__Exercise details__
With pictures left out, output exactly the lines from the line holding "Биопрепарат для обработки" through the end of the data, both included.

Segment Start: Input data

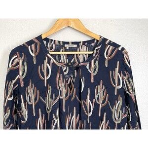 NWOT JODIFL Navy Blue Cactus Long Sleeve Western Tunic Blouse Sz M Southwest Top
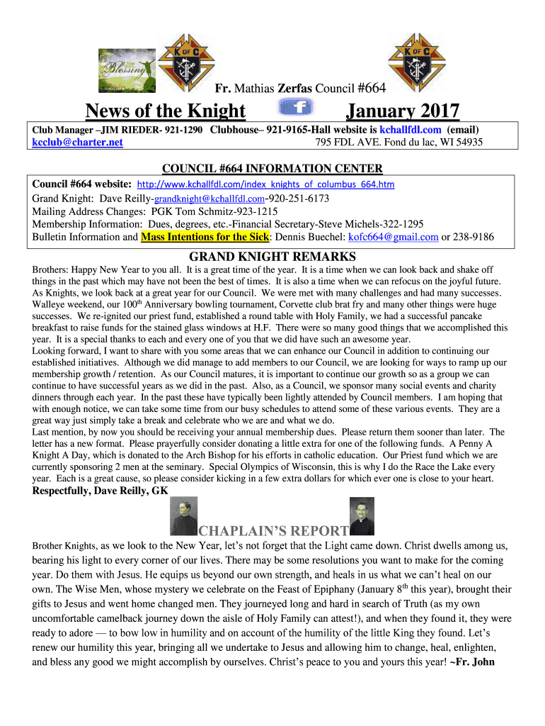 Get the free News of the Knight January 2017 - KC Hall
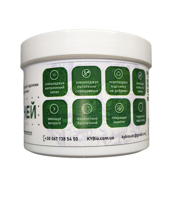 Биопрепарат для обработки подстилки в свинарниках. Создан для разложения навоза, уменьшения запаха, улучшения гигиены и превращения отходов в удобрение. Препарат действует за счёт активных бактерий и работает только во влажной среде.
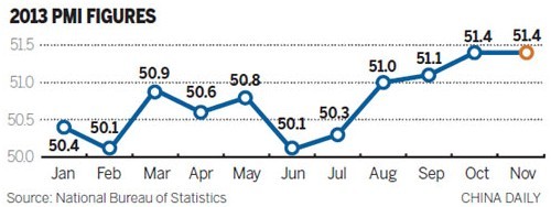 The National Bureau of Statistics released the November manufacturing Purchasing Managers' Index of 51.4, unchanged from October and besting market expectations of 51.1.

Segment End: Input data

__Solved exercise__
 Биопрепарат для обработки подстилки в свинарниках. Создан для разложения навоза, уменьшения запаха, улучшения гигиены и превращения отходов в удобрение. Препарат действует за счёт активных бактерий и работает только во влажной среде.
 The National Bureau of Statistics released the November manufacturing Purchasing Managers' Index of 51.4, unchanged from October and besting market expectations of 51.1.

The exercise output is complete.